Fear Approach dalam Religi

Fear approach, itu yang pertama kali terlintas saat ngobrol seru di coffee shop bareng teman tadi malam. Kita lagi membahas bagaimana orang2 disekitar, entah teman, keluarga atau malah para kyai yang senang sekali memberikan gambaran neraka atau hukuman yang akan kita dapatkan di neraka ketika tidak mematuhi perintah NYA.
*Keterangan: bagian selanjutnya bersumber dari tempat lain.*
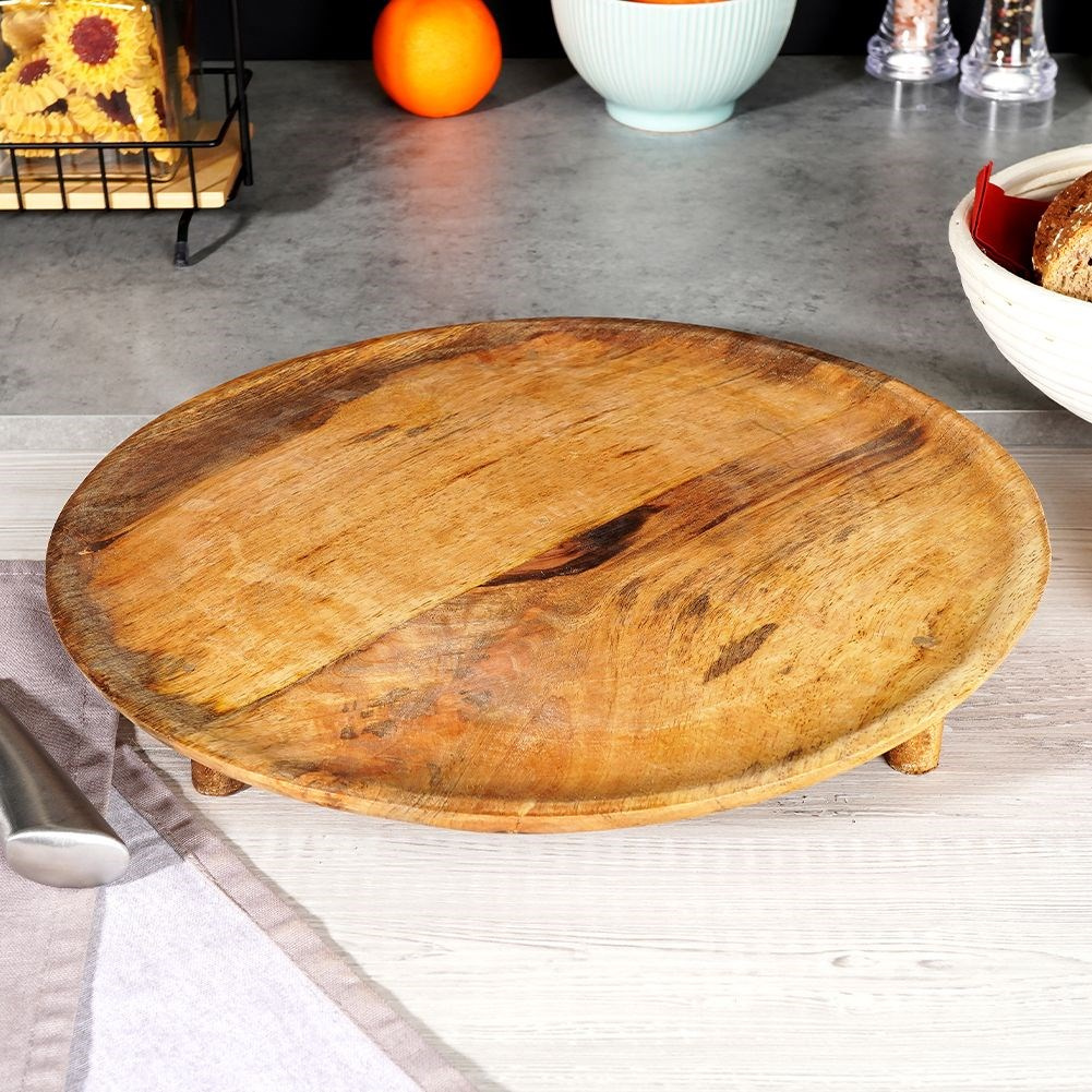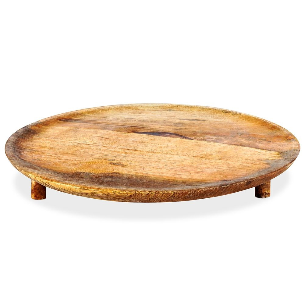 - Okrągła deska do krojenia i serwowania. Wykonana z egzotycznego drewna mangowca. Świetnie prezentuje się na stole, konstrukcja na podwyższeniu ułatwia zgarnianie produktów.

ok, sebelum lanjut mungkin saya “definisikan” dulu Fear Approach yang dimaksud disini. Definisi yang terkait dengan pemasaran antara lain ;

fear appeal
advertising that attempts to create anxiety in the consumer on the basis of fear, so that the consumer is encouraged to resolve this fear by purchasing the product or service. For example, an advertisement may use people’s fear of offending or of rejection to influence them to purchase personal products such as mouthwash or deodorant. Another example of fear appeal is an advertisement for fire insurance that pictures a family devastated by the fire that has destroyed their home.

Kurang lebih adalah pendekatan yang digunakan untuk menciptakan rasa cemas/takut dibenak konsumen dengan harapan konsumen tergerak untuk mengatasi rasa takutnya tersebut dengan membeli produk atau jasa yang ditawarkan. Salah satu contoh produk/jasa yang menggunakan pendekatan ini adalah produk asuransi. Asuransi tidak hanya menjual produk asuransinya itu sendiri melainkan rasa aman, nah bagaimana agar rasa aman itu dibeli orang? ya ciptakan rasa takut.

Ya ini lah yang langsung keluar dari mulut saya ketika ngobrol tadi, awalnya teman saya bercerita tentang bagaimana kakaknya mencoba untuk membujuk dia mengenakan jilbab. sang kakak membuat notes difacebook tentang bagaimana hukuman seorang perempuan di neraka bila dia tidak mengenakan jilbab. Digambarkan si perempuan digantung dengan kepala terbalik, rambutnya ditarik sampai kesakitan dan bla bla bla…

Belum lagi kyai yang suka bercerita tentang hukuman2 menyeramkan yang akan diterima bila kita tidak mematuhi syariat agama seperti menutup aurat dan lain sebagainya. Apa yang terjadi ? bukannya semakin tertarik untuk mengikuti anjuran agama tadi yang ada kami menjadi antipati dengan sang kyai. Disini fear approach tadi tidak berhasil tertanam dibenak kami.

Tapi bagaimana dengan orang lain? kenapa orang2 tadi tetap menggunakan pendekatan tersebut? mungkiiiinnn…. hal itu efektif untuk sebagian orang, dengan membayangkan apa yang akan dialami nanti dineraka, mungkin sebagian orang akhirnya mengikuti anjuran sang kyai.

Tapi buat saya dan teman saya jelas pendekatan itu tidak menarik sama sekali, yang kami permasalahkan disini bukan anjuran atau syariatnya tapi lebih kepada cara/pendekatan untuk mematuhi syariat tersebut yang sama sekali tidak menarik.

Dengan segala hormat, kami pun mengerti Tuhan Maha Penyayang kepada semua umat NYA. Dan pendekatan yang lebih logis serta penuh kasih sayang terbukti lebih nyaman untuk didengarkan.
Alangkah indahnya bila agama beserta syariatnya dijelaskan dengan cara yang lebih “baik”. Misalnya menjelaskan latar belakang diturunkannya perintah Shalat atau perintah menutup aurat, bisa juga dikaitkan dengan aspek2 lain yang relevan dengan kehidupan sehari – hari seperti aspek sosial, aspek psikologis dsb. Untuk saya pribadi, pendekatan itu jauh lebih mengena dan menstimulasi otak saya untuk berpikir daripada membangkitkan rasa takut akan hukuman neraka.

Yah itu pendapat pribadi sih, tidak ada hubungannya dengan salah atau benar, itu cuma apa yang saya rasakan ketika mendengar “ancaman – ancaman hukuman neraka” dari para kyai yang sering menyampaikan dengan berapi – api.